* [TASK DESCRIPTION]:
With the pictures left out, retype exactly the lines below starting at the line that contains "N&T NIETING Изкуствени" and ending at the line that contains "寝室や子供部屋などのクローゼットの折れ戸にも使用できます。 | |".

* [SUPPLIED MATERIAL]:
_ _ _ _ _

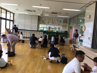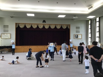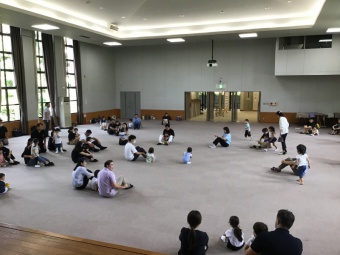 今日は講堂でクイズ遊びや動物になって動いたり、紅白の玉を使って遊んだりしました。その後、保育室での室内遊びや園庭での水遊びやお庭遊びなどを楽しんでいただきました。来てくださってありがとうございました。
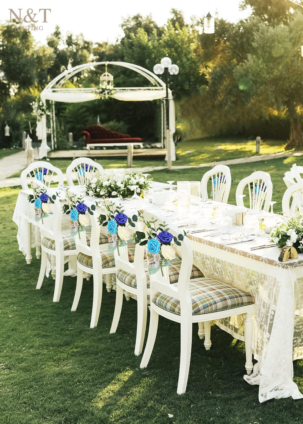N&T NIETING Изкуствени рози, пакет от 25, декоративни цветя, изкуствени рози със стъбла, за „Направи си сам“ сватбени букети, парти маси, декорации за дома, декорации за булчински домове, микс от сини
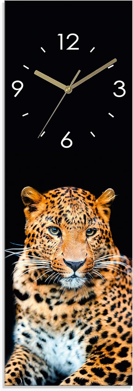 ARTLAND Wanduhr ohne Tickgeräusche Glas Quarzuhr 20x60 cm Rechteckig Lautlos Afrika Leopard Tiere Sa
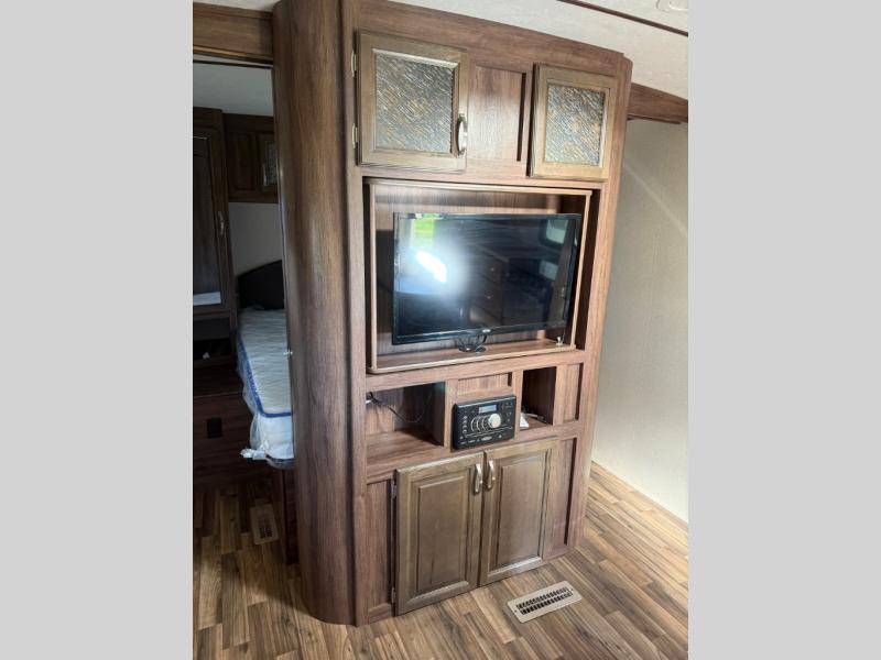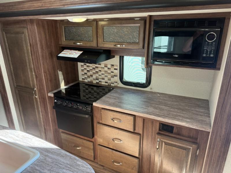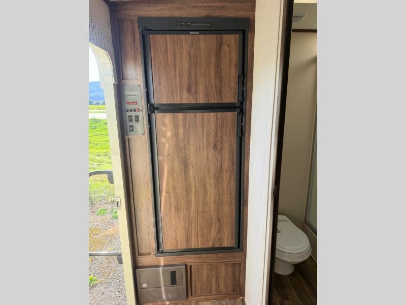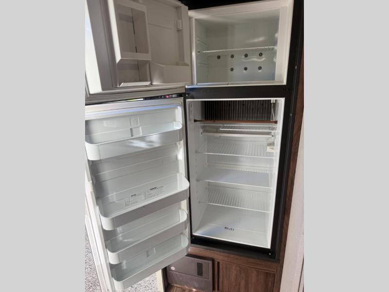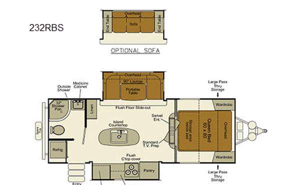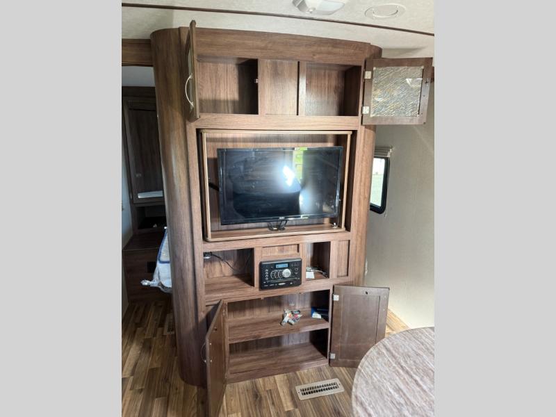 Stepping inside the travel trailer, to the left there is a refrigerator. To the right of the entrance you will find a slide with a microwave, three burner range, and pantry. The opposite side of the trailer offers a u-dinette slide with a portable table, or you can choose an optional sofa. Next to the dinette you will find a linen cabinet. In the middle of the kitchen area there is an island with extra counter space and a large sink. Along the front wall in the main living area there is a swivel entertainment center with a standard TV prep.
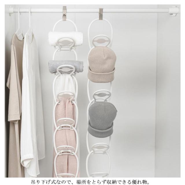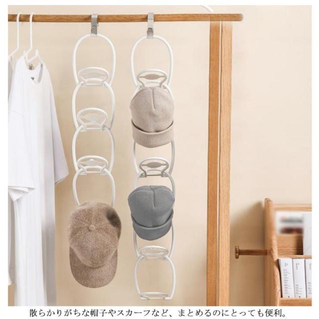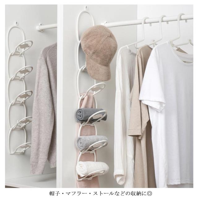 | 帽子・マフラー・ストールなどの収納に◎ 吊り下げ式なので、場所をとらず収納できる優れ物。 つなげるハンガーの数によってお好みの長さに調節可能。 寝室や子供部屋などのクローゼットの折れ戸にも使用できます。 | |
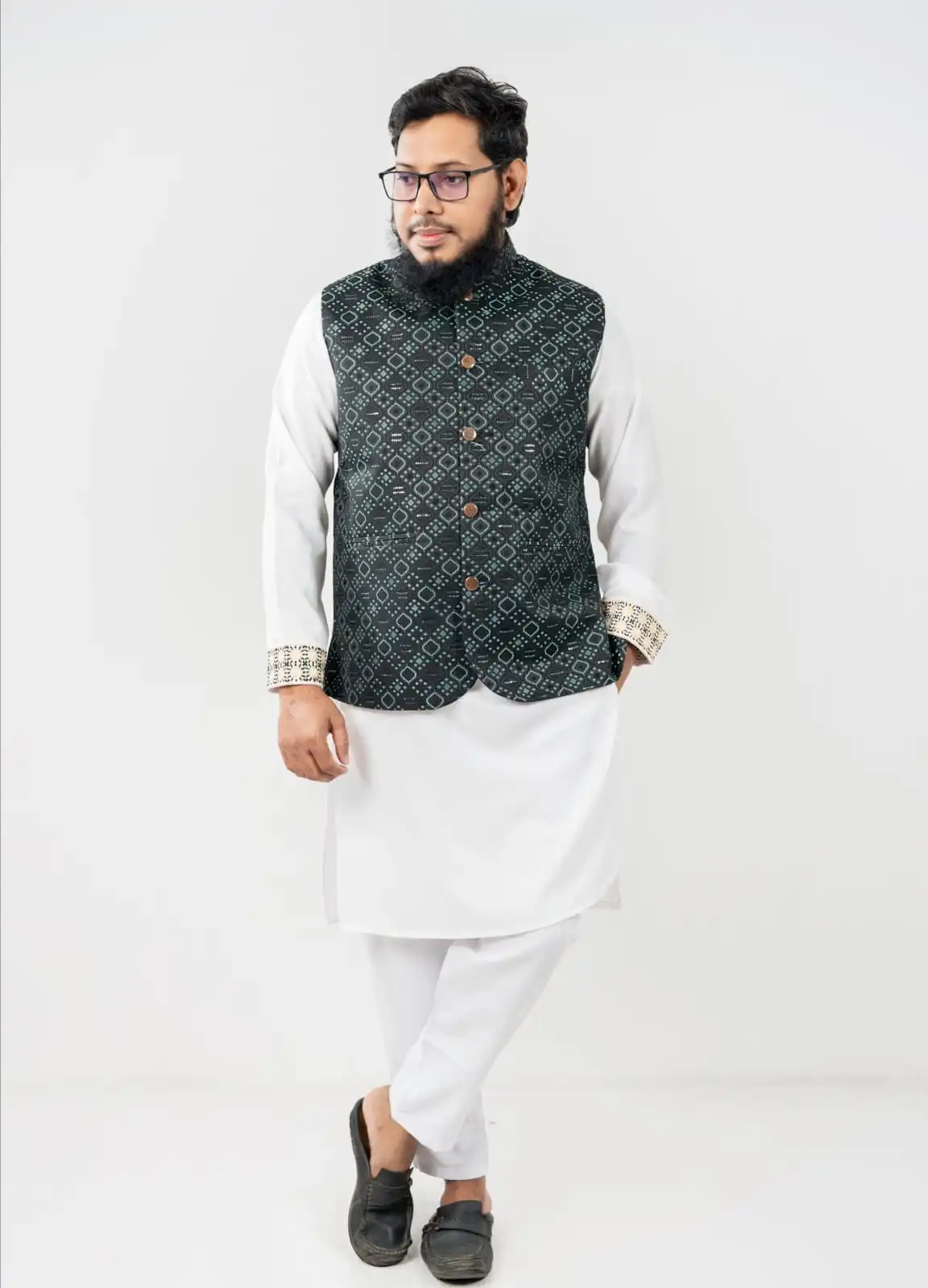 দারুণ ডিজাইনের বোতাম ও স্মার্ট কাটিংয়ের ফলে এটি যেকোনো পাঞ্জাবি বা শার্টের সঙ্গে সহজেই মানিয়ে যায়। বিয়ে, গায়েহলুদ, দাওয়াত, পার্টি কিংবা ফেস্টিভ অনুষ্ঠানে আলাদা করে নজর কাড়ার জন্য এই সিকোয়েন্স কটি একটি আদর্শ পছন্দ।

_ _ _ _ _

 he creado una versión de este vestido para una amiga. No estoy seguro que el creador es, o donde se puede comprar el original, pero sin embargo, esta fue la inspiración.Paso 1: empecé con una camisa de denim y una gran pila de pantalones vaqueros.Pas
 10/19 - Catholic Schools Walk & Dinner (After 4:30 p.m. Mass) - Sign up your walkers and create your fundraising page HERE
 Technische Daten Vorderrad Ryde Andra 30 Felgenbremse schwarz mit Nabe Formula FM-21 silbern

_ _ _ _ _

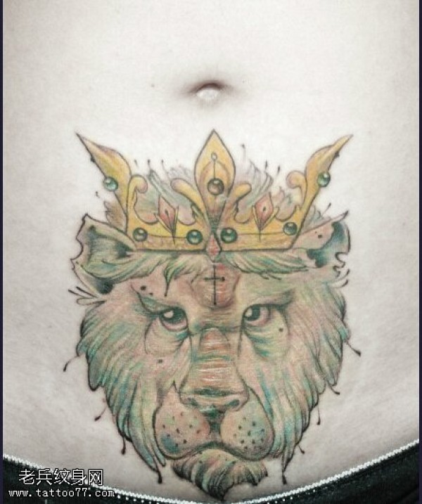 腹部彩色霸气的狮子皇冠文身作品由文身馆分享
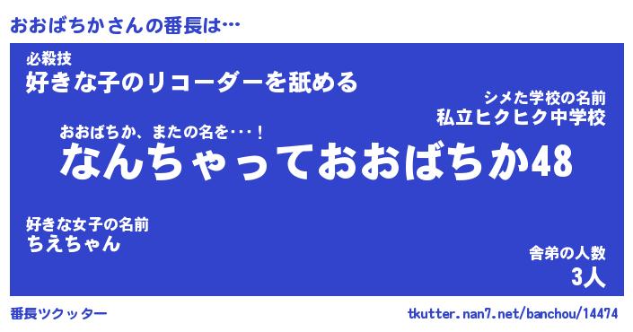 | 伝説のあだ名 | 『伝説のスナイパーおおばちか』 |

_ _ _ _ _

* [ANSWER TO THIS EXERCISE]:
N&T NIETING Изкуствени рози, пакет от 25, декоративни цветя, изкуствени рози със стъбла, за „Направи си сам“ сватбени букети, парти маси, декорации за дома, декорации за булчински домове, микс от сини
 ARTLAND Wanduhr ohne Tickgeräusche Glas Quarzuhr 20x60 cm Rechteckig Lautlos Afrika Leopard Tiere Sa
 Stepping inside the travel trailer, to the left there is a refrigerator. To the right of the entrance you will find a slide with a microwave, three burner range, and pantry. The opposite side of the trailer offers a u-dinette slide with a portable table, or you can choose an optional sofa. Next to the dinette you will find a linen cabinet. In the middle of the kitchen area there is an island with extra counter space and a large sink. Along the front wall in the main living area there is a swivel entertainment center with a standard TV prep.
 | 帽子・マフラー・ストールなどの収納に◎ 吊り下げ式なので、場所をとらず収納できる優れ物。 つなげるハンガーの数によってお好みの長さに調節可能。 寝室や子供部屋などのクローゼットの折れ戸にも使用できます。 | |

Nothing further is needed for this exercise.